Find out what a discount mortgage is, also known as a discounted-variable mortgage, as well as the benefits and drawbacks, and determine whether or not this sort of mortgage could be the best option for you.

What exactly is a mortgage at a discounted rate?

A discount mortgage is a type of house loan in which the interest rate is locked in at a predetermined level that is a predetermined amount lower than the lender’s standard variable rate (SVR) for either a predetermined length of time (such as two or five years) or for the entirety of the loan.

The standard variable rate, often known as the SVR, is an interest rate that is determined by your lender and can be increased or decreased at any time and by any amount.

The amount that you owe on your mortgage could shift from one month to the next if you have a variable-rate mortgage product known as a discount mortgage.

How exactly do discount mortgages function in practise?

When you make a payment on your mortgage, some of the money goes toward paying off the interest that your lender has assessed, while the remaining portion goes toward paying off the principal amount that you have borrowed.

The interest you pay will be the only thing you have to worry about when it comes to saving money with a discount mortgage.

If a lender has an APR of 5% and the discount is 1%, then the interest rate you will pay is 4%. This is because the APR and the discount are both multiplied together. If your lender were to increase the SVR on your loan to 6%, your discounted interest rate would likewise increase, in this case to 5%.

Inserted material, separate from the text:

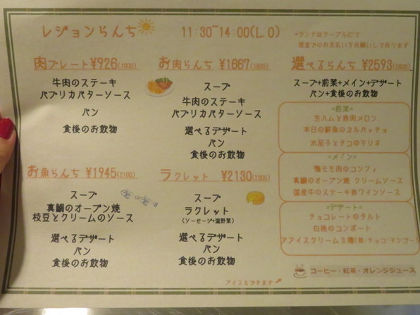 ●今回わたしがいただいたのは、スープと選べるデセール付きで1800円のセット。

If the interest rate on your mortgage loan increased, your monthly mortgage payments would also increase; however, you would be paying more interest than you would be repaying of the principal amount of the loan.

How much money can I save by getting a mortgage with a discount?

When interest rates are historically low across the board, discount mortgages have the potential to be quite competitively priced.

On the other hand, they may come with a ‘collar,’ which refers to a predetermined pace that they are unable to fall below.

There are some collars that are fixed at the rate that you are already paying at the time that you enter into the transaction. This means that you will not benefit from any reduction in the SVR that your lender may implement.

For instance, if the lender’s SVR is 5 percent and they provide a mortgage with a 3 percent discount, this indicates that your starting interest rate is 2 percent despite the fact that the lender’s SVR is 5 percent. However, if there was a collar of 2 percent, your rate would not go lower than 2 percent, even if the SVR later dropped to 3 percent. The collar would prevent this.

However, the majority of discount offers do not have an upper limit, which means that your payments may become much more expensive if the SVR continues to rise.

What will happen when your promotional period comes to an end?

In most cases, discount mortgage arrangements are made available for a predetermined period of time ranging from two to five years. The tendency is that the amount of the discount will decrease as the duration of the discounted period increases.

When this period of time expires, your lender will typically move you immediately onto the SVR that it uses for new borrowers. Because of this, your regular payments will become more expensive because the interest rate that you are required to pay will be increased.

At this stage, switching to a new mortgage offer will typically provide the best results for your financial situation.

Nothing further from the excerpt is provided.